When the Marschaleks found another giant mountain ash in 1986, Werner decided to leave nothing to chance. He contacted his local Member of Parliament who spoke to Joan Kirner, the then Minister for Conservation, Forest and Lands. Werner was assured that no logging would take place in that particular section of forest _ the headwaters of the Little Ada River _ but that the department did not have the resources to create a public walkway to the tree. Werner and Ray decided to do it themselves.

For the next five years, the two men spent every other weekend and $30,000 building a path to the Ada Tree, with occasional financial and physical assistance from the Friends of the Ada Tree and encouragement, support and grants from the department. At one stage, a group of prisoners from Pentridge worked on the project.

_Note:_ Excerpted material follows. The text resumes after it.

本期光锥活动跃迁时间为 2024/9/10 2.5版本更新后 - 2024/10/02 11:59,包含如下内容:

The path to the Ada Tree is via an enchanting rainforest gully full of mosses, ferns and liverworts growing by a creek under the cool, damp shade of ancient, gnarled myrtle beeches and sassafras. ``We decided to make lots of bends and twists to make the walk surprising," Ray said. ``We also put in ramps instead of steps to make it accessible to everyone _ even people in wheelchairs." There are vast stumps of trees long since cut down, still marked with the slots where boards were secured for the timber cutter to climb above the buttress.

Finding the Ada Tree is an adventure in itself. The winding Ada River Road is unsealed and a bit rough in patches. It is lined with huge trees and layer upon layer of interlaced ferns. It seems to go on forever but the carpark is well signposted. The walk to the tree and back is four kilometres and takes about one-and-a-half hours. There is an alternative route back to the car park via the bush track from the old Federal Mill site.

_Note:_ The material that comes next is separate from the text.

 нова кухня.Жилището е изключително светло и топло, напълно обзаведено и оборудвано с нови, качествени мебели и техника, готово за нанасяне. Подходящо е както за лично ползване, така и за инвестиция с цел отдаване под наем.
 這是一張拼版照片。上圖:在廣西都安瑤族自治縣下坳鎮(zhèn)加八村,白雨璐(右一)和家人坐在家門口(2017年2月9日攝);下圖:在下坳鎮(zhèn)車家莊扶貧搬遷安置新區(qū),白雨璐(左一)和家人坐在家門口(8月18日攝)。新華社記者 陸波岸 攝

The department has constructed a platform around the base of the Ada Tree so that its roots will not be damaged by large numbers of people walking round it. It is a joy to watch people coming out of the undergrowth into the clearing round the tree and see the look on their faces after the wonder of the rainforest and then the sheer size of the tree. Most walk up to the tree and touch it reverently, like the toe of St Peter in the Vatican.

Like Michelangelo's statue, the Ada Tree is an inspiration but it is also very much alive. It is 76 metres high and 15 metres round the truck at 1.5 metres above the ground. It is more than 300 years old.

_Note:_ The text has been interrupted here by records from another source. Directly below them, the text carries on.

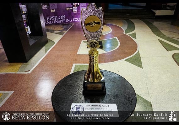 The Beta Epsilon received the Best Fraternity Award on February 22, 2005, given by UP President Ermalinda Roman, for its outstanding service and projects to the UP community throughout its lifespan. The award was received by Prof. Dominador Ilio, in the presence of resident and alumni Betans. To date, the Beta Epsilon is the only recipient of the Best Fraternity Award.
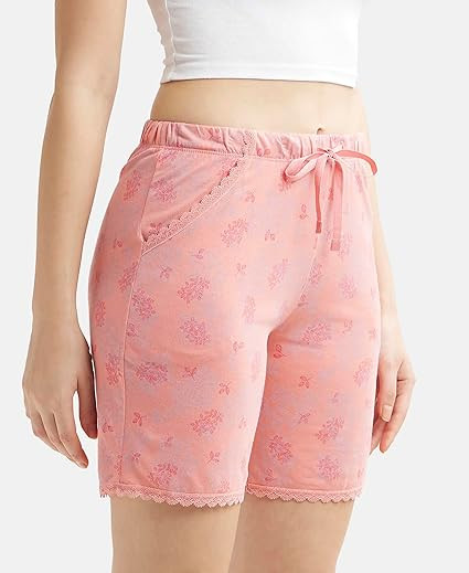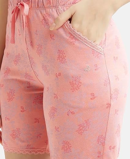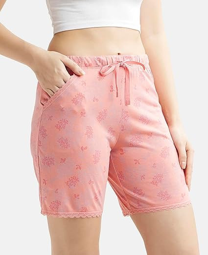 Women's Micro Modal Cotton Relaxed Fit Printed Shorts with Lace Trim Styled Side Pockets (Prints May Vary)
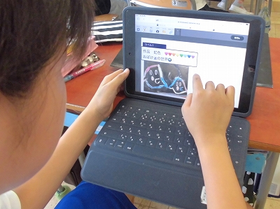 7月11日(木)5年生 図工 公開日 2024/07/11 更新日 2024/07/11 できごと 自分の作品にタイトルを付けて、画像で送信すると一斉に鑑賞し合えます。早く終わると、夏休みのポスターの下書きに取りかかります。
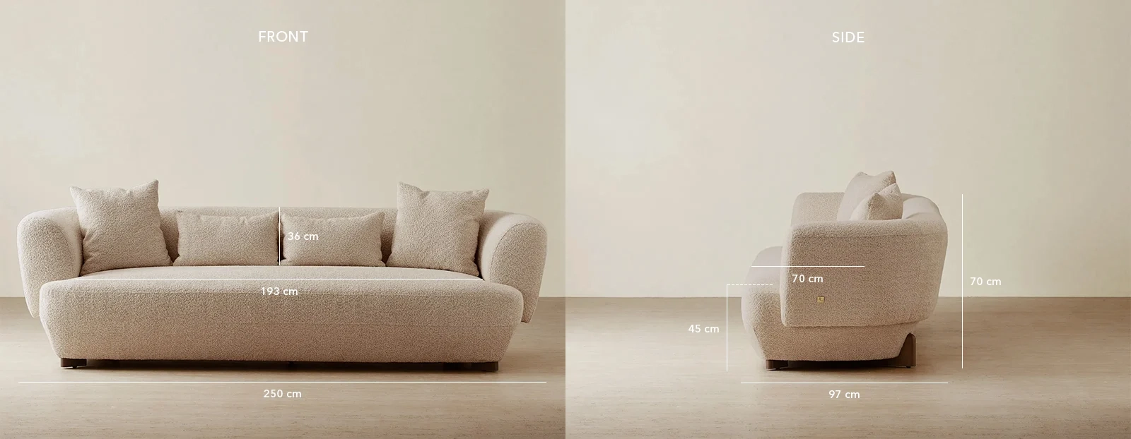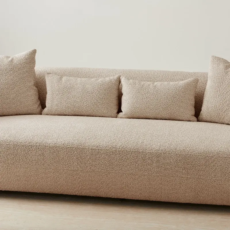 Its neutral mid beige hue brings warmth and sophistication, effortlessly complementing various interiors. The sofa includes plush cushions for extra comfort, making it perfect for lounging or entertaining.

As it takes at least 100 years to form tree hollows, such a giant of the forest offers priceless accommodation to birds and animals totally dependent on hollows, such as the endangered Leadbeater's possum - one of the emblems of Victoria.

IF YOU GO THE Ada Tree is on the Ada River Road, a left turn off the Powelltown Noojee Road, after Powelltown but before Noojee. The most direct route from Melbourne is to go to Yarra Junction via the Maroondah Highway.

Allow about two hours. There are toilets near the Ada Tree carpark.